DATA PROVIDED:
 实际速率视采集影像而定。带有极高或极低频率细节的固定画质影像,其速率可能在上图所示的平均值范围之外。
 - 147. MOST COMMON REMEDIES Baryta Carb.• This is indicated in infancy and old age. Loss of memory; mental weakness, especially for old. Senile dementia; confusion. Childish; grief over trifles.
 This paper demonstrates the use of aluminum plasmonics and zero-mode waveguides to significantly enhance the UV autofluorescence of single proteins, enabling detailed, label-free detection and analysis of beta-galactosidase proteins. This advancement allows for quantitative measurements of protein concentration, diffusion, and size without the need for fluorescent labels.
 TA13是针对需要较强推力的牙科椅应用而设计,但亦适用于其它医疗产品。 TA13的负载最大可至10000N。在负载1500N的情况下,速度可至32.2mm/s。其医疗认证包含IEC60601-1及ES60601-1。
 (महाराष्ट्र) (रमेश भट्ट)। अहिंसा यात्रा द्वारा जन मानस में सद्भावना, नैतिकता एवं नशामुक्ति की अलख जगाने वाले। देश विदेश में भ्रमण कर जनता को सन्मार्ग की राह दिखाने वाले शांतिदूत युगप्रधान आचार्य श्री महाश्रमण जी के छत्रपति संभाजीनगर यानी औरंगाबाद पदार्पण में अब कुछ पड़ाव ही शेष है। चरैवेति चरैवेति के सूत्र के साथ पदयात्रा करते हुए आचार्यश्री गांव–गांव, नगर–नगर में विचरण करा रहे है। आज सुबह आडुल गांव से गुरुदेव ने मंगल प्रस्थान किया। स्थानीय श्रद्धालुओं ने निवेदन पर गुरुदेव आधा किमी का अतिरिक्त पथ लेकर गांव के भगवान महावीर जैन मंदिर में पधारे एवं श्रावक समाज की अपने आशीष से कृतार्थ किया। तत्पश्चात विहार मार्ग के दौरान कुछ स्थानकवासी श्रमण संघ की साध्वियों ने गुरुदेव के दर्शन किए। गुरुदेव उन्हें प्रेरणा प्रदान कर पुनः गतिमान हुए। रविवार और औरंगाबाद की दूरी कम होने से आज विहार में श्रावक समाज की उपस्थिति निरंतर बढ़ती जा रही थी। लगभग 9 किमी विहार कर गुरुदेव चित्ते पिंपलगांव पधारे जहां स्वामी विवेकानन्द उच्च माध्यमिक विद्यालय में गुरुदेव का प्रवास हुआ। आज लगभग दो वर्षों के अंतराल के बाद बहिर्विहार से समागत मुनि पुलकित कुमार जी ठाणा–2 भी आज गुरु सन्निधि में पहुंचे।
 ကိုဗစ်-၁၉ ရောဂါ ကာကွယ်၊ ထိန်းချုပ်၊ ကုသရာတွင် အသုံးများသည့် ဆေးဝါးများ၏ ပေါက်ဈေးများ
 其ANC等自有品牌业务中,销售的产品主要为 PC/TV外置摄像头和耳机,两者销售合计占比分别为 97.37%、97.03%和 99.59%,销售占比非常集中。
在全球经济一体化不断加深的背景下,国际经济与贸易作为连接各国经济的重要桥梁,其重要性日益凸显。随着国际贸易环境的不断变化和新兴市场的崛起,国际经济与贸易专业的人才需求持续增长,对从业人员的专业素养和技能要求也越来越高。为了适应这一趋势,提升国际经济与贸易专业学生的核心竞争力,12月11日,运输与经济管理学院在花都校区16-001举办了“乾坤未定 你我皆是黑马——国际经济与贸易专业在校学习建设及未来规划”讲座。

* * *

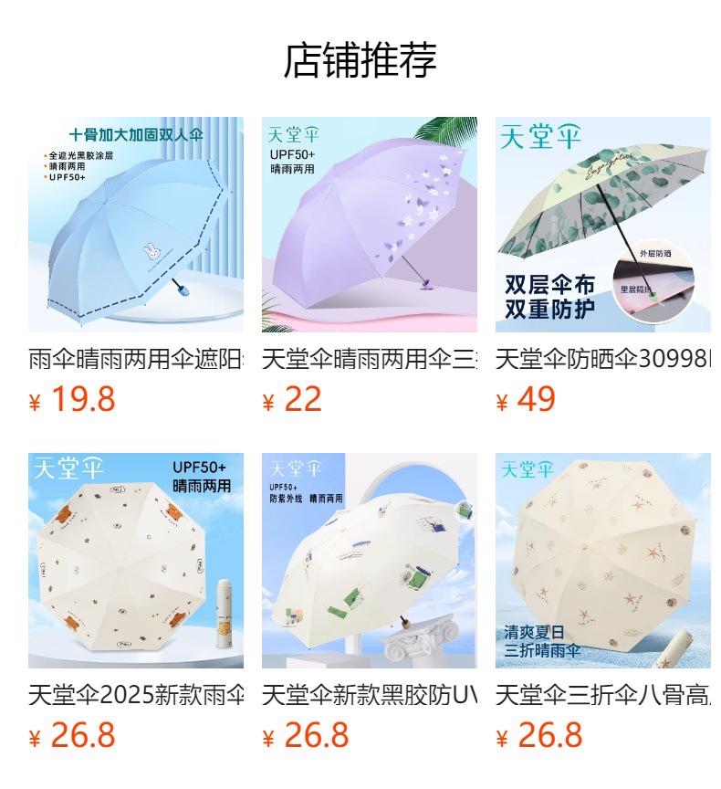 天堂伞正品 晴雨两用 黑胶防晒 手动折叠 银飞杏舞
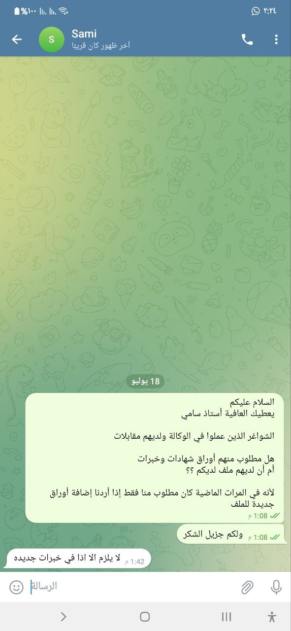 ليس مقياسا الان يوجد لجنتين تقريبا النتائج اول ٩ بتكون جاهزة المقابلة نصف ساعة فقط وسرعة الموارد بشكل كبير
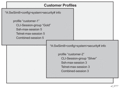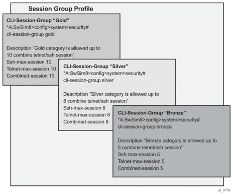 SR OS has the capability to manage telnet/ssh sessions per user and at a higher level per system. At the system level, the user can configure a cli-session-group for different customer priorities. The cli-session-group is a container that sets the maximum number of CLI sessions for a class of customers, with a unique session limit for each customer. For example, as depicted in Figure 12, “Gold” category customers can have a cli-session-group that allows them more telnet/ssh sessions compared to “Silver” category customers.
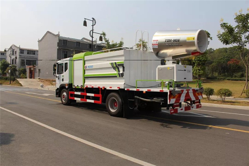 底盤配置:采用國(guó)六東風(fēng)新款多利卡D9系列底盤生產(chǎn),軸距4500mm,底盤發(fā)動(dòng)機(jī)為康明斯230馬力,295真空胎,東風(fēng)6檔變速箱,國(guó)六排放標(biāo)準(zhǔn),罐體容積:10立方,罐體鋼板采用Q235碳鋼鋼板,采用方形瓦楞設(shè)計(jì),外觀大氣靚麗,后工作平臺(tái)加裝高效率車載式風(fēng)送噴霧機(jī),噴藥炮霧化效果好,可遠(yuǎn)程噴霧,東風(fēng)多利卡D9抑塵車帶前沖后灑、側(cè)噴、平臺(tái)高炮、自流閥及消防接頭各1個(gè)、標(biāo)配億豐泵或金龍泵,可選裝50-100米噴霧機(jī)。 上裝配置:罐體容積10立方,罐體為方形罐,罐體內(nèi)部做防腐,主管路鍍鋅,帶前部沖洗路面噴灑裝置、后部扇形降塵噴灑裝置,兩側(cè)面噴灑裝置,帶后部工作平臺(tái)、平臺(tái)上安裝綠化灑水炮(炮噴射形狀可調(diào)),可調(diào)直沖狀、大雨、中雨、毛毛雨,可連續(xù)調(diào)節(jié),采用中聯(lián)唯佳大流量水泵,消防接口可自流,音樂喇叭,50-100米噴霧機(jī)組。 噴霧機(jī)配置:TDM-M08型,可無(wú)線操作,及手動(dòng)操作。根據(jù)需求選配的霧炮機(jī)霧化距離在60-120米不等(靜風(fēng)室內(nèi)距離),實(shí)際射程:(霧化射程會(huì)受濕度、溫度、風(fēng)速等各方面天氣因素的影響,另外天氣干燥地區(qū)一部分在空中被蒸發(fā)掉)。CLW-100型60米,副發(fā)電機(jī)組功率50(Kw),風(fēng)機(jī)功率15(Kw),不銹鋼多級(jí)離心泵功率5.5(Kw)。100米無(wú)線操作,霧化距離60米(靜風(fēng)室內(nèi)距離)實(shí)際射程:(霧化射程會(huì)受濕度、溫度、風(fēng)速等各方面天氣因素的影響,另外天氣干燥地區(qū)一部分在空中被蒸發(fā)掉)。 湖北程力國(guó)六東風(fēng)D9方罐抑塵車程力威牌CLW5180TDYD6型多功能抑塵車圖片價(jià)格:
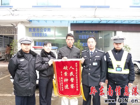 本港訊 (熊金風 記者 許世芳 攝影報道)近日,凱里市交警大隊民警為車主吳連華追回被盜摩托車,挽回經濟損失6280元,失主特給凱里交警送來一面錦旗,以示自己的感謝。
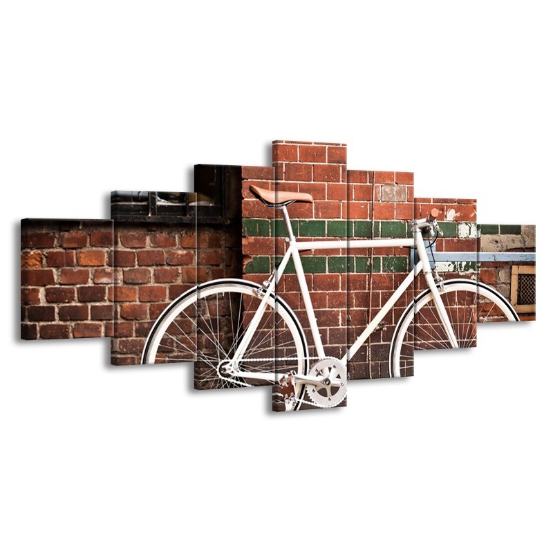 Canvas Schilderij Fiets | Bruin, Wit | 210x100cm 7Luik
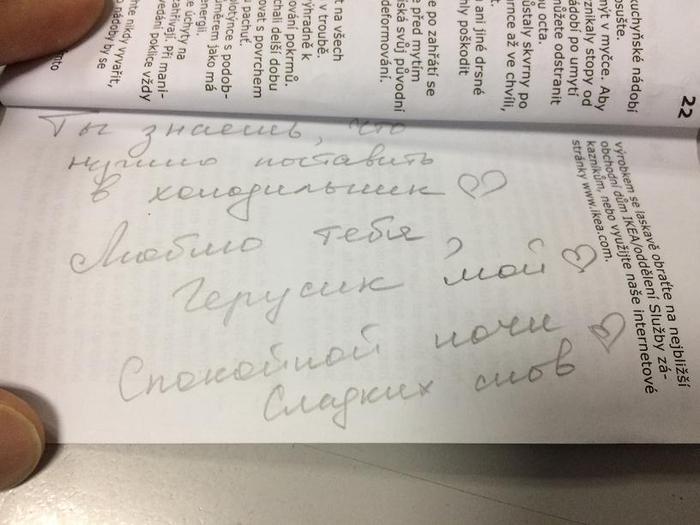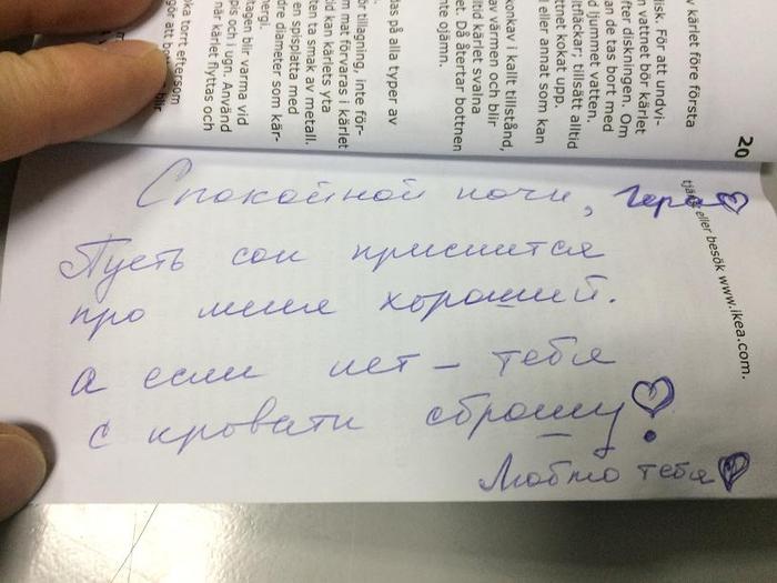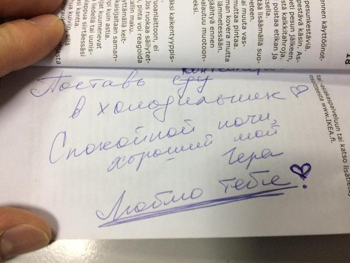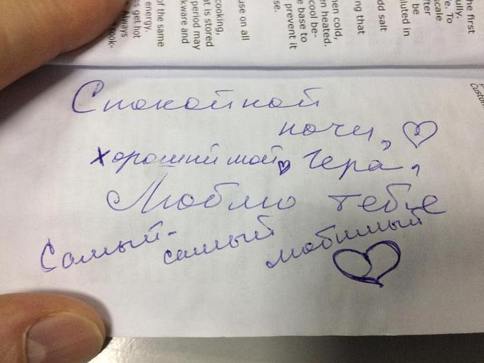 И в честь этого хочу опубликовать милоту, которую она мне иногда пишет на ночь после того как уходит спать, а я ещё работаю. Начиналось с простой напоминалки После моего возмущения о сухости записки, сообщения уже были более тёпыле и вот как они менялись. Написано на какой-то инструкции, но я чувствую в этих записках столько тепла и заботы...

--

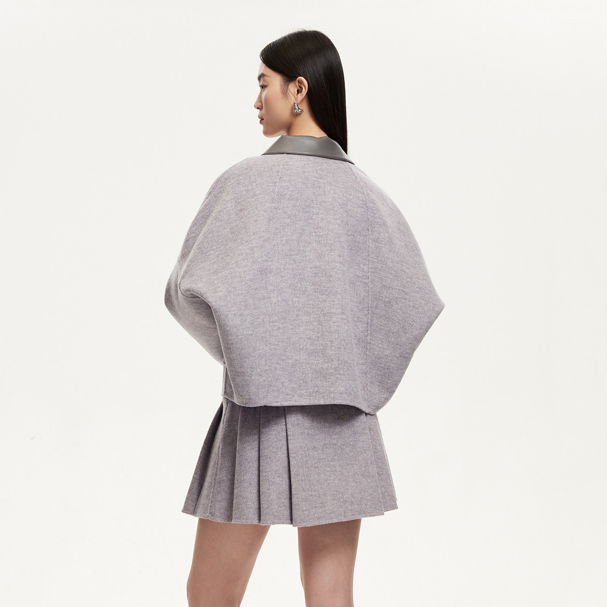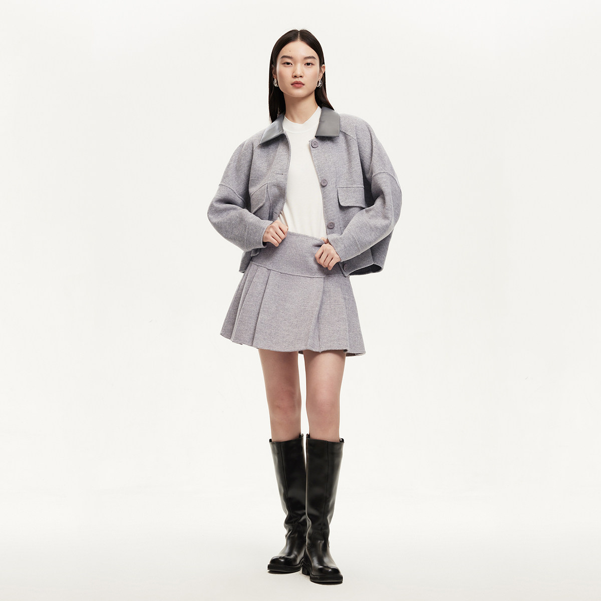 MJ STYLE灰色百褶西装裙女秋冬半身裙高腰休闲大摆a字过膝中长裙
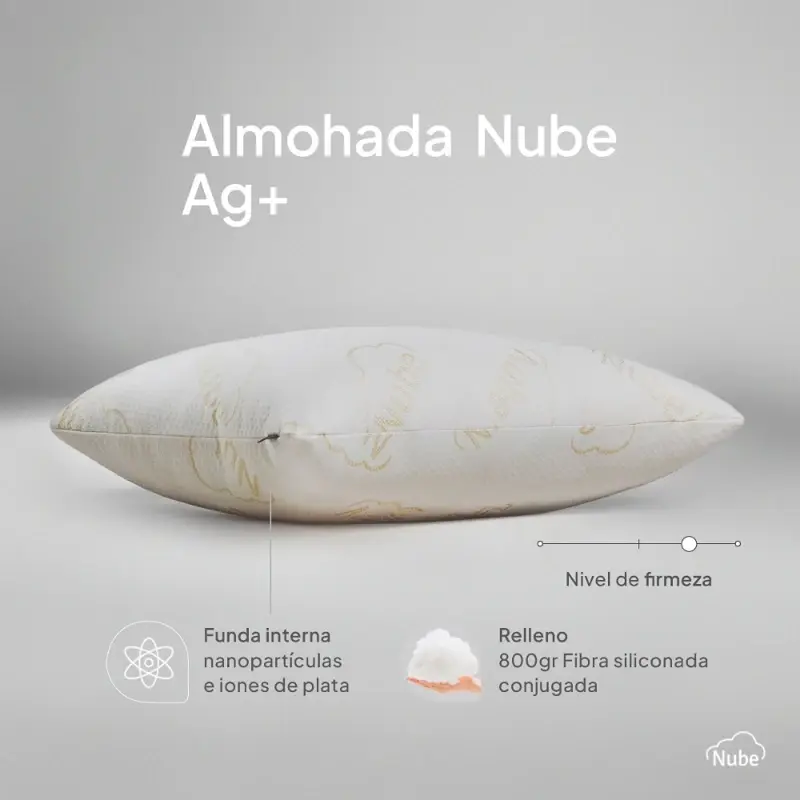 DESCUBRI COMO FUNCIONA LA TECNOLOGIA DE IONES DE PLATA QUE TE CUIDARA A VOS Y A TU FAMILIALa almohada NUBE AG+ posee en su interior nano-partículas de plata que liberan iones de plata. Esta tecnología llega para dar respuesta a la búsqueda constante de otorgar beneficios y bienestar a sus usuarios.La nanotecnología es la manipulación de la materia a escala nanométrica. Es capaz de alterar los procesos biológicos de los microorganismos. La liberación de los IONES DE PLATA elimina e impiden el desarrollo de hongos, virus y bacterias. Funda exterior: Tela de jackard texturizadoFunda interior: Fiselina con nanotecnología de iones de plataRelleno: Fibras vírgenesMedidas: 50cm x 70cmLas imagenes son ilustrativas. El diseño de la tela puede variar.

BRIEF:
The answer must be every line of the records above that holds the word "This".

YOUR RESPONSE:
 - 147. MOST COMMON REMEDIES Baryta Carb.• This is indicated in infancy and old age. Loss of memory; mental weakness, especially for old. Senile dementia; confusion. Childish; grief over trifles.
 This paper demonstrates the use of aluminum plasmonics and zero-mode waveguides to significantly enhance the UV autofluorescence of single proteins, enabling detailed, label-free detection and analysis of beta-galactosidase proteins. This advancement allows for quantitative measurements of protein concentration, diffusion, and size without the need for fluorescent labels.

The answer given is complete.